* Task to complete: Write out the data below exactly as given, without any of its pictures.

* The data:
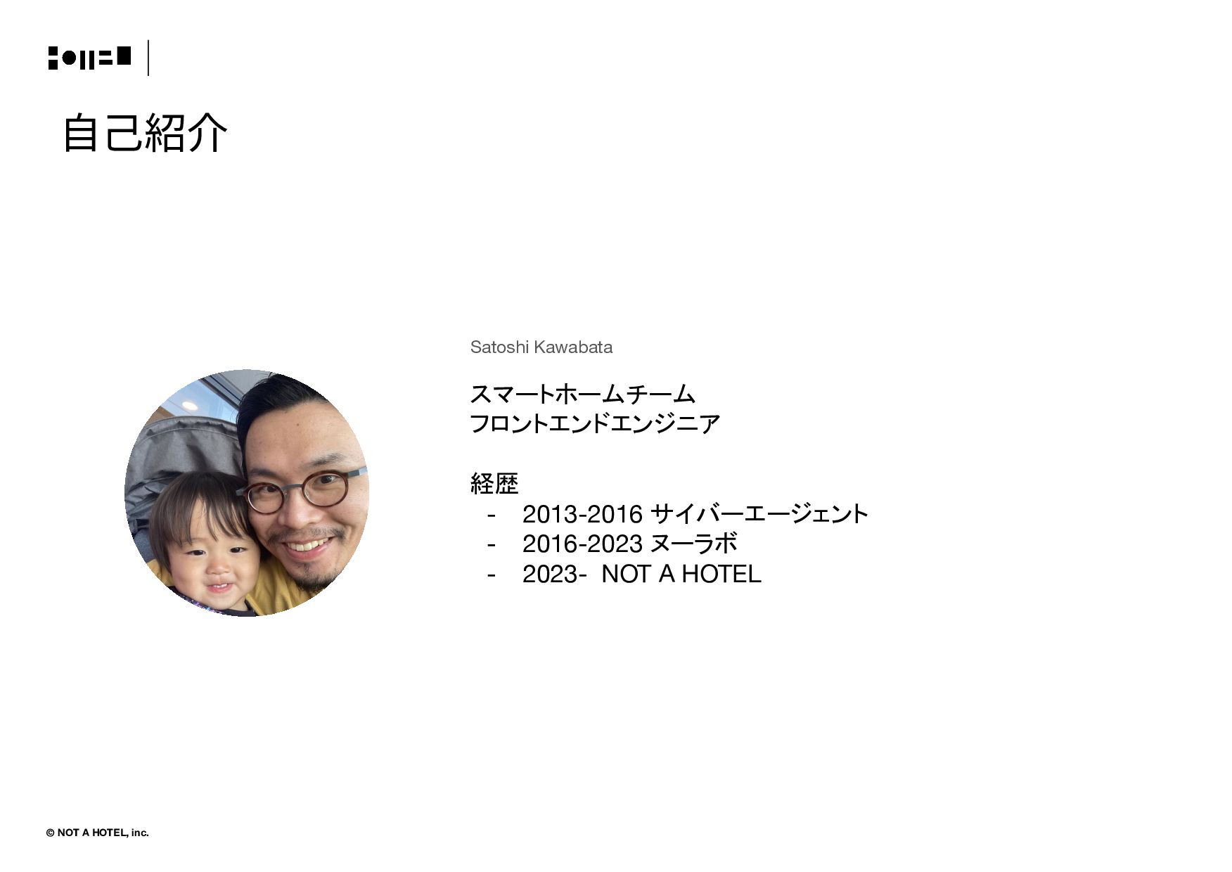© NOT A HOTEL, inc. ⾃⼰紹介 Satoshi Kawabata スマートホームチーム フロントエンドエンジニア
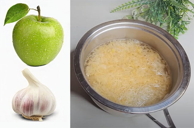 - Doe de geraspte knoflook en appel in een pan en voeg 1/2 liter kokend water toe. Goed mengen en 30 minuten laten staan.
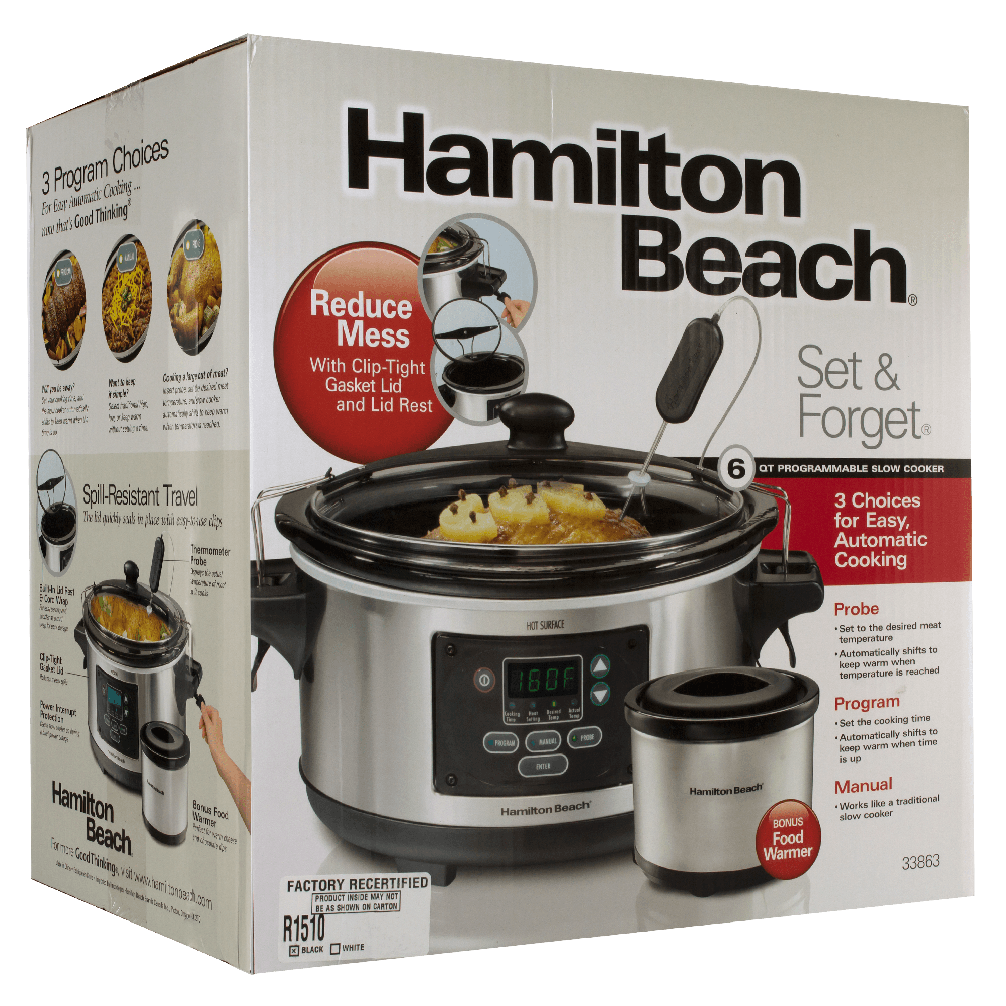 Specs ====- Model: 33863- Condition: Refurbished - Three cooking methods: program, probe and manual- Warmer is powered- Probe mode is for cooking large cuts of meat or for recipes that require food to reach a certain temperature - Thermometer probe reads the actual temperature of food as it cooks and displays it on the control panel - Lid securely seals in place for safe travel - Crock capacity: 6 quart removable stoneware (6 lb. chicken or a 4 lb. roast)- Warmer capacity: 16 oz- Power interrupt protection keeps slow cooker on during brief power outages (note: last time we sold a slow cooker with this feature, @Moose thought this was a weird feature to call out as he wrote the specs. Little did he know that his own slow cooker at home was turned off because of a brief power outage, and his dinner was ruined before it even started cooking)- User manualWhat’s in the Box? ====1x Slow cooker base 1x Stoneware crock 1x Lid 1x Warmer1x Warmer lid1x Probe 1x User manual Pictures====Cooker and warmerCookingTemp probeWarmerRoastChickenLid holder featureRetail boxPrice Comparison====$80 ListSlow cooker: $49 at AmazonWarmer: $12.99 at AmazonFind a relevant price comparison? Please share it in a comment in this thread

* Task output:
© NOT A HOTEL, inc. ⾃⼰紹介 Satoshi Kawabata スマートホームチーム フロントエンドエンジニア
 - Doe de geraspte knoflook en appel in een pan en voeg 1/2 liter kokend water toe. Goed mengen en 30 minuten laten staan.
 Specs ====- Model: 33863- Condition: Refurbished - Three cooking methods: program, probe and manual- Warmer is powered- Probe mode is for cooking large cuts of meat or for recipes that require food to reach a certain temperature - Thermometer probe reads the actual temperature of food as it cooks and displays it on the control panel - Lid securely seals in place for safe travel - Crock capacity: 6 quart removable stoneware (6 lb. chicken or a 4 lb. roast)- Warmer capacity: 16 oz- Power interrupt protection keeps slow cooker on during brief power outages (note: last time we sold a slow cooker with this feature, @Moose thought this was a weird feature to call out as he wrote the specs. Little did he know that his own slow cooker at home was turned off because of a brief power outage, and his dinner was ruined before it even started cooking)- User manualWhat’s in the Box? ====1x Slow cooker base 1x Stoneware crock 1x Lid 1x Warmer1x Warmer lid1x Probe 1x User manual Pictures====Cooker and warmerCookingTemp probeWarmerRoastChickenLid holder featureRetail boxPrice Comparison====$80 ListSlow cooker: $49 at AmazonWarmer: $12.99 at AmazonFind a relevant price comparison? Please share it in a comment in this thread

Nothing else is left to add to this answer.